TTG Polska Dziennik Turystyczny

Rekordowa frekwencja w Karkonoszach

Obserwatorium meteorologiczne na Śnieżce

W czasie wakacji w wielu miejscach było tłoczno, ale tylko niektóre miejsca mogą pochwalić się rekordową frekwencją. Powody do radości ma Karkonoski Park Narodowy, który w lipcu i sierpniu odwiedziło odpowiednio 330 i 340 tys. osób.

Jak powiedział w rozmowie z Gazetą Wyborczą Andrzej Raj, dyrektor Karkonoskiego Parku Narodowego, w wakacje padł rekord frekwencji turystów w KPN – W lipcu odwiedziło nas ponad 330 tys. osób, a w sierpniu prawie 340 tysięcy – tłumaczy. Warto dodać, że są to dane dotyczące jedynie turystów wchodzących na teren parku od polskiej strony. Dodatkowe dane mają Czesi, mają one zostać przekazane jeszcze w tym tygodniu.

Co ciekawe, w zeszłoroczne wakacje w Karkonoszach turystów było mniej – o 20 proc. w lipcu i 10 proc. w sierpniu. – To efekt pandemii koronawirusa. Turyści nie wyjechali za granicę i zostali w kraju. To również kwestia bonu turystycznego i 500 plus.
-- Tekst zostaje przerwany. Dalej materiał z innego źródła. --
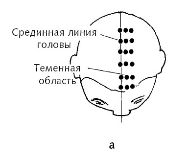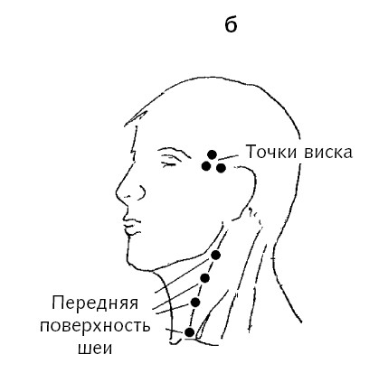 1. Надавливаем на макушку по приведенным точкам (рис. 73, а) совмещенными указательным и средним пальцами (в течение 3 секунд на каждую точку). Голова после надавливания должна «проясниться».
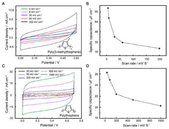 The electrochemical behaviors of P3MeT and PTh were further explored in a three-electrode system. The different behaviors were correlated with electrochemical kinetics, and the two electrodes were studied by CV at various scan rates (5–200 mV s−1 and 30–1000 mV s−1). Compared to the shape of the CV curves, there was a change in peak height at low scan rates for both electrodes, accompanied by a positive shift in the oxidation peak potential and a negative shift in the reduction peak potential (Figure 2A,C). These changes are mainly attributed to the resistance of the electrode. The areas enclosed by the CV curves increased with the scan rates of all electrode samples. On the one hand, the two electrodes were found to reach the highest capacitance at 0–0.7 V, which is in line with most reports on supercapacitor electrode materials based on polythiophene conductive polymers. On the other hand, the symmetric rectangular behavior of the two different electrodes indicates an extremely rapid current response on voltage reversal.
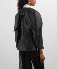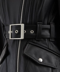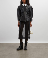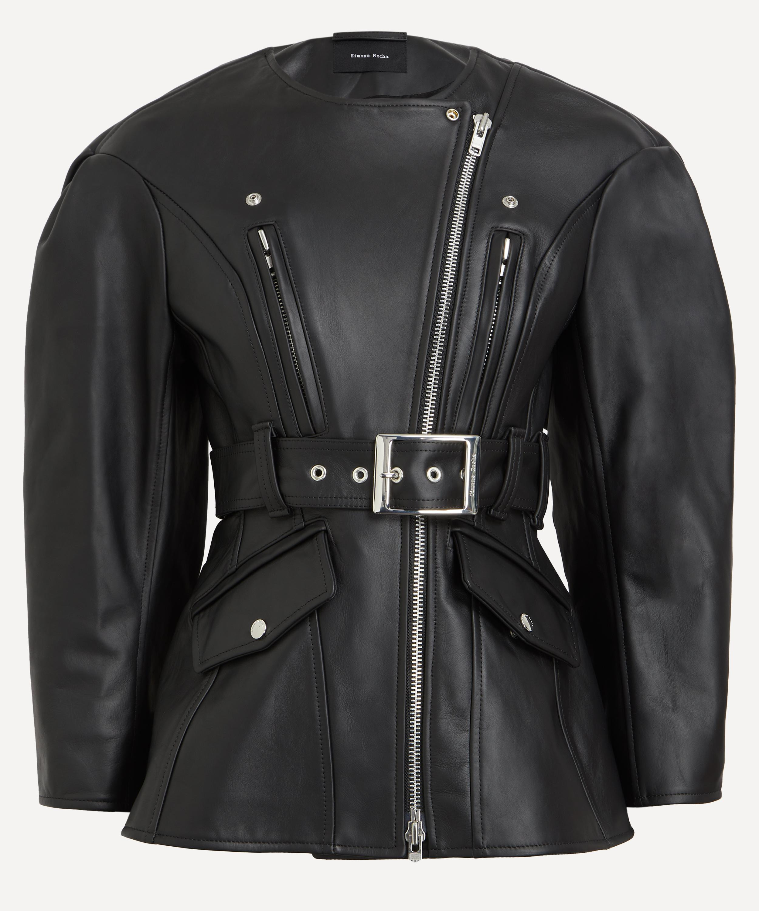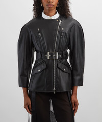 DETAILS Leather biker jacket Sculpted silhouette Fits true to size Rounded shoulders Long sleeves with zipped cuffs Round neckline Front zip fastening Adjustable buckle belt Two zip pockets Two flap pockets Bow embellishment at back Lined SIZE & FIT Model is 178cm/5'10"; Chest: 77cm; Waist: 65cm; Hip: 92cm and wears a size 8 COMPOSITION & CARE 100% Leather Specialist dry clean
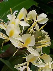 Commonly known as cream garland-lily[3] or yellow ginger, it grows up to 2.5 metres (8 ft 2 in) high. It is extremely shade-tolerant, and thrives in a wide range of soils. Since it has the ability to regrow from even a small fragment of the rhizome, which survive crushing, immersion in sea water, and even years outside of soil, elimination can be a problem. It is treated as an invasive weed in New Zealand because of its ability to displace other species.
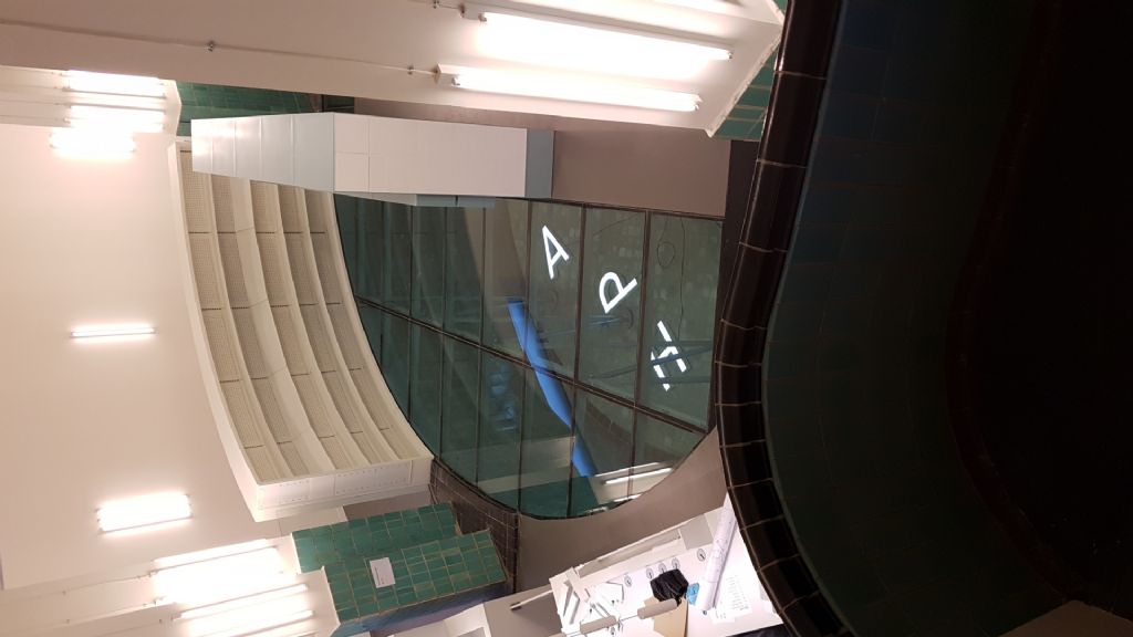 Le nouvel équipement, regroupement d’une série de fonctions culturelles et de l’Office du tourisme, se situe en bout de perspective de la Promenade des Ours, nouvellement créée, qui le relie à la Grand Place. Gil Honoré : « Nous voulions manifester la présence du bâtiment existant, et de sa piscine en particulier, malgré l’adjonction d’espaces complémentaires nécessaires pour rencontrer le programme. Nous avons donc fait apparaitre la paroi courbe qui enclos l’espace de la piscine en ouvrant fortement l’angle du bâtiment. Celle-ci est elle-même percée, ce qui crée une profondeur de champ qui permet de percevoir le volume de la piscine depuis l’entrée. Nous avons habillé cette paroi courbe, sur l’extrados, de mosaïques noires de petits formats, surface pixellisée qui renvoie tant la lumière que les reflets de l’extérieur.
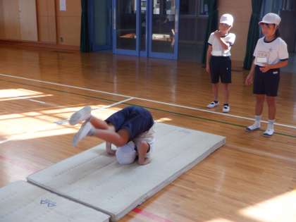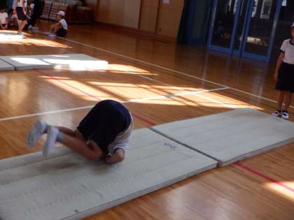 3年3組 体育 後転 9 公開日 2023/09/19 更新日 2023/09/19 3年 スムーズに後ろに回転することができてきました。特に上の写真では、手をしっかり着いて動きをコントロールしています。
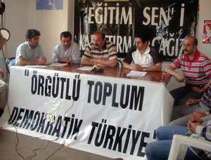 Eğitim-Sen Artvin Şubesi Başkanı Seyfettin Altıkulaç, makamında astığı pankartların arkasında basın açıklaması yaptı. Başkan Altıkulaç, bugün makamında yaptığı basın açıklamasında, Eğitim Senin kapatılma kararını eleştirdi. Başkan Altıkulaç şöyle dedi:

Na szlakach widać wielu nowych ludzi, którzy są słabiej przygotowani do wędrowania – dodaje dyrektor KPN.

Oczywiście największą popularnością cieszy się Śnieżka. W czasie wakacji każdego dnia na jej szczycie stawało od 7 do 10 tys. osób. Dla porównania na wzgórze Chojnik dziennie wchodziło maksymalnie 1,5 tys. osób. Już na początku sierpnia pisaliśmy o tym, że na Śnieżce jest bardzo tłoczno, a miejscami tworzą się korki.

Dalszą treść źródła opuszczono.